Paulo (sic) não se contendo de tanto entusiasmo e dúvida, procurou tia Tetéia (p.2).

Diante de tais indagações a professora decide usar tal situação para complementar sua aula. E viu nessa situação uma oportunidade de explicar um tema vasto e de muita importância para as crianças do quarto ano (p. 2).

No primeiro deles, faltou a vírgula, logo depois de Paulo. Já no seguinte, o ideal teria sido escrever “Diante de tais indagações, a professora decide usar tal situação para complementar sua aula e viu, nessa situação, uma oportunidade (...)”.

É interessante ressaltar, no trecho anteriormente destacado, que os alunos mencionam, na própria história, para qual ano escolar se destina o tema “fusos horários”, para o “quarto ano”.

Sobre os conceitos científicos apresentados, há um grande problema. Moscou tem 6 horas à frente do horário de Brasília e, portanto, não poderia ser uma hora da tarde para Paulo e de madrugada para Silas. Sei que eu, que os orientava, enquanto escreviam, deveria ter percebido o equívoco. No entanto, isso nem sempre foi possível, por dois motivos: tempo e fundamentação teórica. Eram cinco grupos em sala e todos queriam minha atenção ao mesmo tempo. O conteúdo científico também é um problema para a professora formadora, que também precisa consultar e aprender. Não há como saber Física, Química e Biologia com tanto aprofundamento.

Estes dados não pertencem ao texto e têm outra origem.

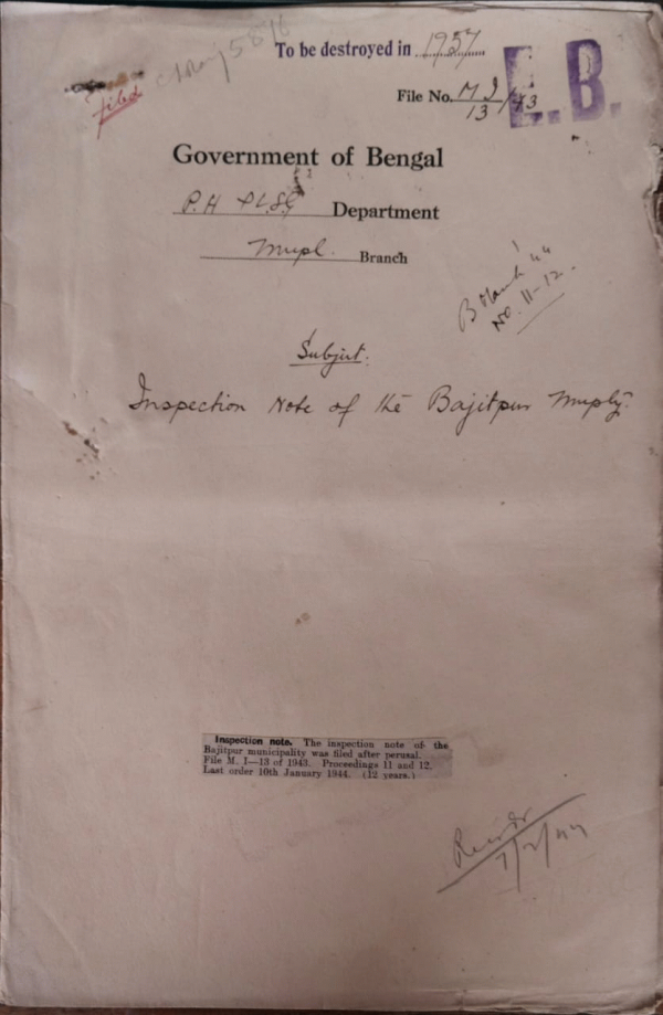 | Rack No. 13, Bundle No. 27, Sl No. 1842 Resolution by the Commissioners of the Dacca Municipality to adjourned their meeting as a mark of protest against the action of govt. in arresting Mahatmaji Gandhi and other leaders. | Rack No. 13, Bundle No. 27, Sl No. 1843 Proposed exemption of the Momen girls M.Ε. School at Jessore from payment of rate to the Jessore Municipality. | Rack No. 13, Bundle No. 27, Sl No. 1844 Payment of Contributions of Rs. 30/- and Rs. 30/- respectively, to the Ramkrishna Seva Samity and the Radharaman Sevasram, Nabadwip, for the year 1943-44. | Rack No. 13, Bundle No. 27, Sl No. 1845 Inspection Note of the Bajitpur Municipality. | Rack No. 13, Bundle No. 27, Sl No. 1846 Reconstitution of the Serajganj Municipality. | Rack No. 13, Bundle No. 27, Sl No. 1848 Affairs of the Nator Municipality. | Rack No. 13, Bundle No. 27, Sl No. 1849 Proposed postponement of the recovery of advances made from the P.F. Accounts to the employees of the Faridpur Municipality. |
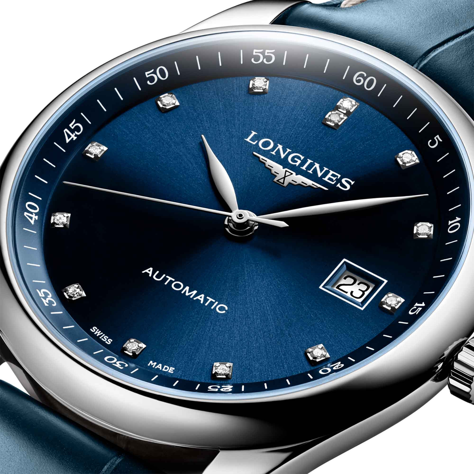 Blaues Alligatorleder mit Dreifach-Sicherheitsfaltschließe und Drückern
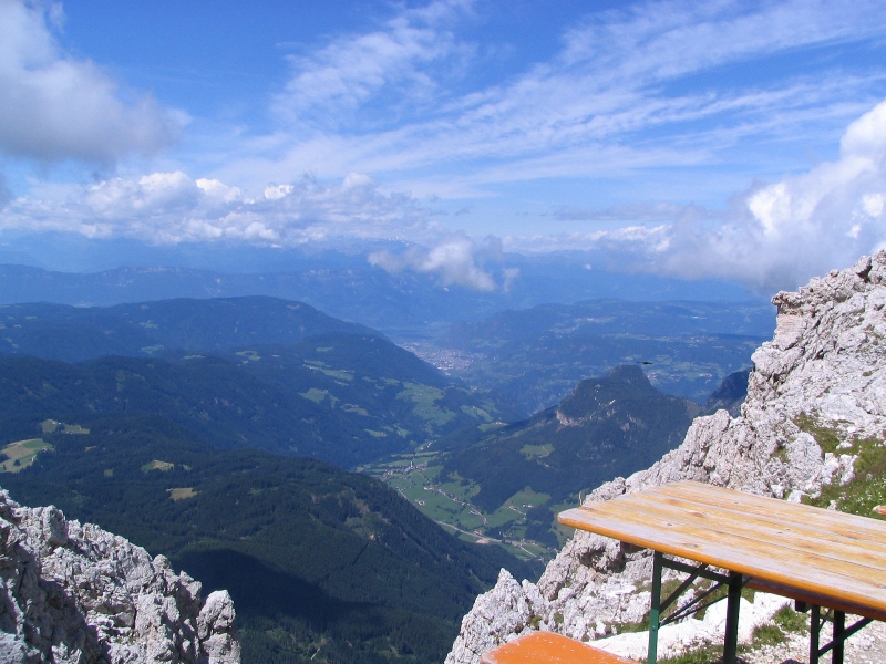 Panorama dal Passo Santner: la Valle di Tires e in fondo la città di Bolzano
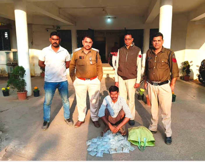 थाना पुसौर के अंतर्गत ग्राम लोहाखान में एसपी रायगढ़ द्वारा गठित विशेष टीम ने निरीक्षक नाशीर खान की अगुवाई में मुखबिर की सूचना पर छापेमारी की। पुलिस टीम ने आरोपी निरंजन विश्वाल के घर आंगन में मयुर छाप अवैध महुआ शराब के 75 पाउच बरामद किए। आरोपी निरंजन विश्वाल (26 वर्ष) निवासी ग्राम लोहाखान को गिरफ्तार कर उसके खिलाफ थाना पुसौर में धारा 34(2), 59(क) आबकारी एक्ट के तहत मामला दर्ज किया गया।
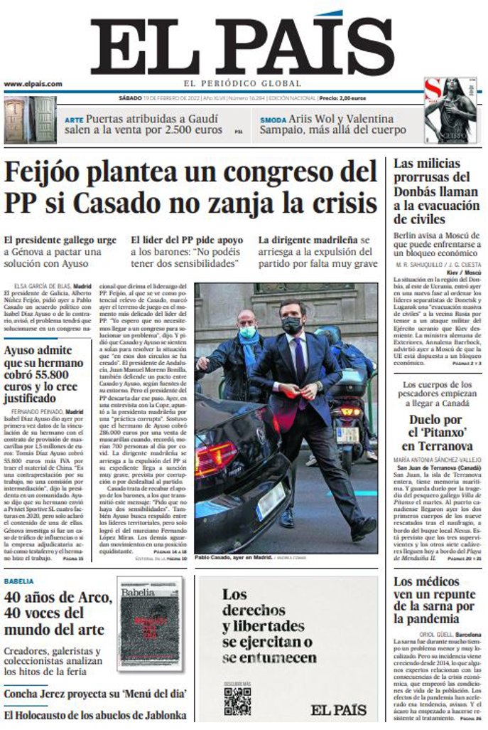 EL PAÍS: "Feijóo plantea un congreso del PP si Casado no zanja la crisis"; "Ayuso admite que su hermano cobró 55.800 euros y lo cree justificado"; "Las milicias prorrusas del Donbás llaman a la evacuación de civiles"; "Los cuerpos de los pescadores empiezan a llegar a Canadá. Duelo por el 'Pitanxo' en Terranova"; "Los médicos ven un repunte de la sarna por la pandemia".
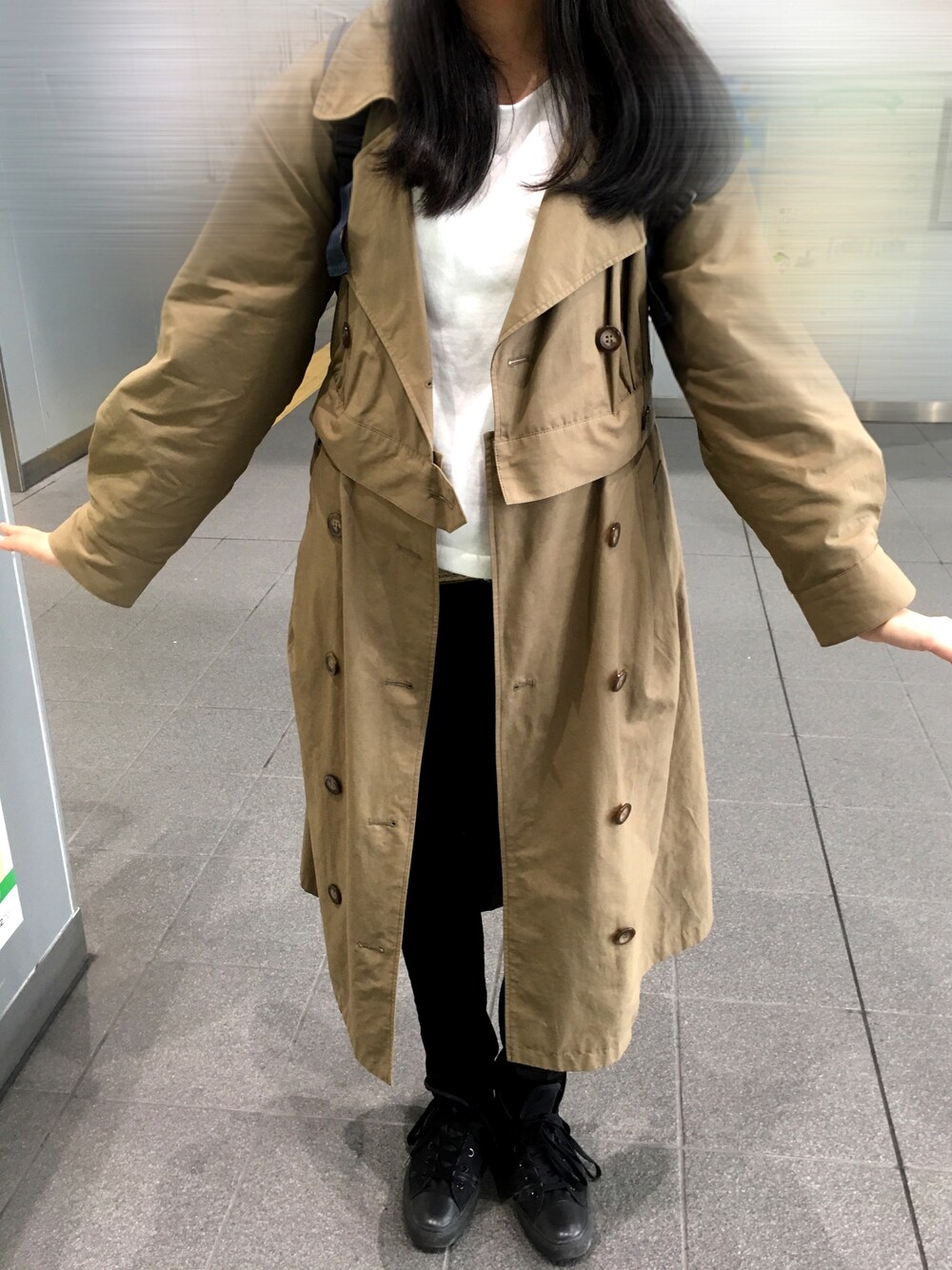 お願いして撮ってもらったから 照れくさくて変なポーズ。 寒かったからトレンチコート。 やっと着れた。 電車に乗る時間が多かったけど コート着てても寒かった。 (2018/11/18)

O grupo comete um equívoco ao dizer que Paulo foi morar em um país chamado Moscou, quando o correto seria dizer, na cidade de Moscou na Rússia. Outro pequeno problema, de menos peso, que aparece no texto diz respeito à explicação dada sobre os movimentos de rotação e translação da Terra.

Sabemos que a Terra está em movimento e o sol está parado (...) (p. 2). Neste caso, caberia dizer que o Sol está parado em relação à Terra. Os movimentos são sempre relativos.

Ao apresentar os conceitos científicos, o grupo faz com muita propriedade. Busca dar muitos exemplos à medida que introduz as explicações, sobretudo sobre os fusos horários.

Imaginemos o planeta Terra com uma esfera perfeita. Agora vamos dividi-la em 24 partes iguais, de norte a sul ao longo dos meridianos; cada parte parece-se com gomos de mexerica ou poça, e cada gomo desse recebe o nome de fuso-horário (p. 2).

Percebo que estes conceitos poderiam ter sido apoiados em ilustrações, que tornariam as explicações ainda mais claras. Essas ilustrações poderiam ser facilmente feitas pelo grupo ou encontradas na internet.

Mas se por um lado os alunos não utilizam ilustrações, por outro traz elementos do dia-a-dia da criança para dar as explicações. Buscam exemplos de coisas que a criança conhece, como por exemplo, gomos de mexerica ou poncã, lanterna, varinha e esfera. Esses mesmos elementos são trazidos pelos alunos quando fazem o experimento em sala de aula sobre o projeto (item 6.2.6, p. 133). Isso demonstra uma preocupação do grupo em estabelecer um elo entre a história infantil e o processo de ensino- aprendizagem da criança por meio do experimento.